American former singer (born 1989)

Marissa Mishelle (born Marissa Leigh Dubowy on October 9, 1989 in Phoenix, Arizona) is an American former singer. She has appeared on MTV's My Super Sweet 16 and My Super Sweet 16 Presents Exiled. She was the lead singer for the band Defy Tomorrow but left to become a solo artist. She has performed on the 2008 Vans Warped Tour and Edge Fest.

== My Super Sweet 16 ==
Marissa Mishelle's episode appeared as the season opener for the show's third season. The theme for her party was "Pretty in Pink" and was located in a mansion on Camelback Mountain in Phoenix, Arizona. The musical performer was Frankie J. As gifts, Marissa received two different cars, including a Mitsubishi Eclipse spyder convertible.

== Exiled ==
Marissa Mishelle appeared on the first season of My Super Sweet 16 Presents: Exiled. In her episode, Marissa was sent to Kerala, India, where she lived in a chicken coup and helped an Indian family by cleaning up cow dung.

== Singing career ==
Mishelle has been singing since the age of 5. Her single, "Just So Able", was played in a regular rotation on MTV and MTV Overdrive, and also was voted the #1 hit single on VH1's Music Nation.
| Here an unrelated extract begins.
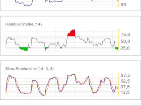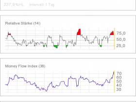 Die grüne Linie sind 50 Tage, die rote 200. Wenn grün rot nach oben durchkreuzt, geht es heidewitzka, fallera.

In 2007, she became the lead vocalist for the band Defy Tomorrow and co-wrote the songs on their EP "One Through The Heart." After the band split up in 2008, Marissa Mishelle became a solo artist again and found music manager and developer Daniel Mirharooni, who soon got her signed to indie label SME Group. Marissa parted with SME later that year. On August 29, 2010 Marissa joined the band Minus Ned, an up-and-coming band out of Woodbridge, Connecticut, currently based in Los Angeles, California, that blends rock, blues, jazz and funk with an appealing collection of vocals and well-written lyrics. The band's single "III" was the first to feature Marissa on Lead Vocals. She is a featured vocalist on the band's album "Are We Finally Fitting In", released October 2011.